June 7, 2012
A recent analysis of contact center applications moving into the "cloud" showed that IVR (self-service) applications was the application that was most frequently shifted off premise to a "cloud" based service. This highlights how customers will be accommodated with more flexible self-service options as they start using multimodal smart phones and tablets, rather than traditional voice-only telephones.

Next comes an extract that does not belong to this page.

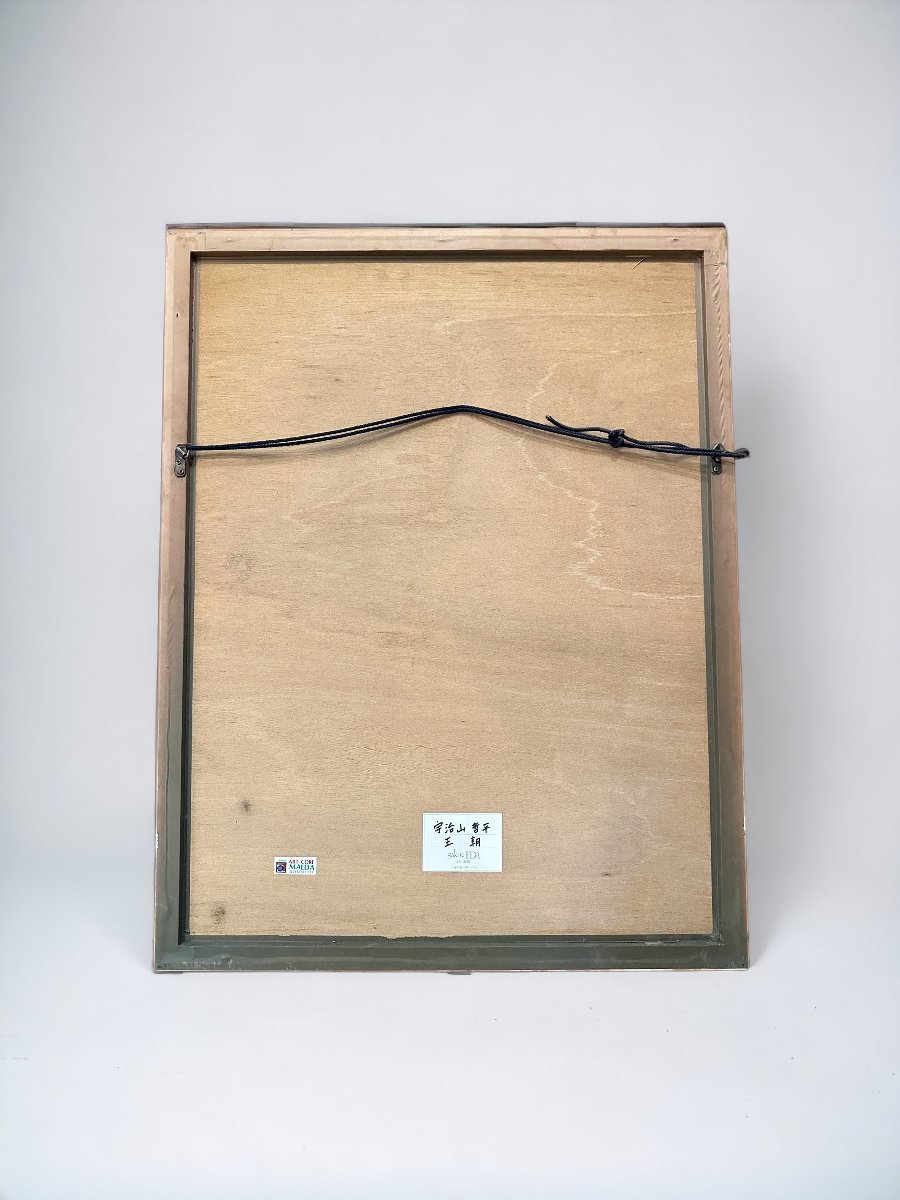 | 品名:王朝 作家:宇治山哲平 技法:シルクスクリーン 付属品:黄袋・段ボールタトウ箱 作品寸:H53×W36.5cm 作品状態:ヤケがございます。シートがズレて下にさがっております。 裏はしっかり額装されている為、そのままの状態でのお譲りとなります。 額縁寸:H73×W56.5cm 額縁状態:所々にスレや汚れなどございます。 | |||

As I suggested in a previous post, mobile customers will now require an integration of various customer service experiences. It will be a combination of how self-service interfaces are designed for smartphones and tablets, as well as how live assistance is accessed and supported when needed. It also includes proactive, outbound “notifications” and alerts to mobile customers from automated business process applications, and what response options can be given to the mobile recipient.
Old call center options for live assistance will remain for customers who continue to call from voice only telephones. However, even, there, if the customers has ever interacted online, there will be more contextual “intelligence” for efficient call handling. However, as more and more consumers adopt multimodal smartphones and tablets for personalized mobile contacts, “cloud”-based, UC-enabled contact centers will play an increasing role in seamlessly integrating all customer interactions. This trend will impact how organizations must support new “customer experience” needs as discussed in this video interview.
“Multimodal” customer experiences will include the following:
1. Getting access to information and transactions online
2. Getting access to live assistance in the customer’s choice of communication (messaging, voice, video, hybrids)
3. Being proactively notified of important, personalized time–sensitive situations
4. Getting suggestions and comments from user communities
5. Timely responsiveness to the mode of interaction
So, when you talk about insuring customer satisfaction and loyalty, it will be a combination of their experience with any or all of the above. The challenge for business organizations of any size, will be to optimize those different customer experiences, so that all of them will be positive for the customer.
What Customers Really NeedLive customer assistance is needed when customers can’t get what they want on their own, whether it is information, authorization, help with a problem, or to perform some kind of transaction. The main point is that if they can do it easily themselves, they won’t need live assistance. On the other hand, if a self-service application is not user friendly or too time consuming, the customer will jump to live customer assistance.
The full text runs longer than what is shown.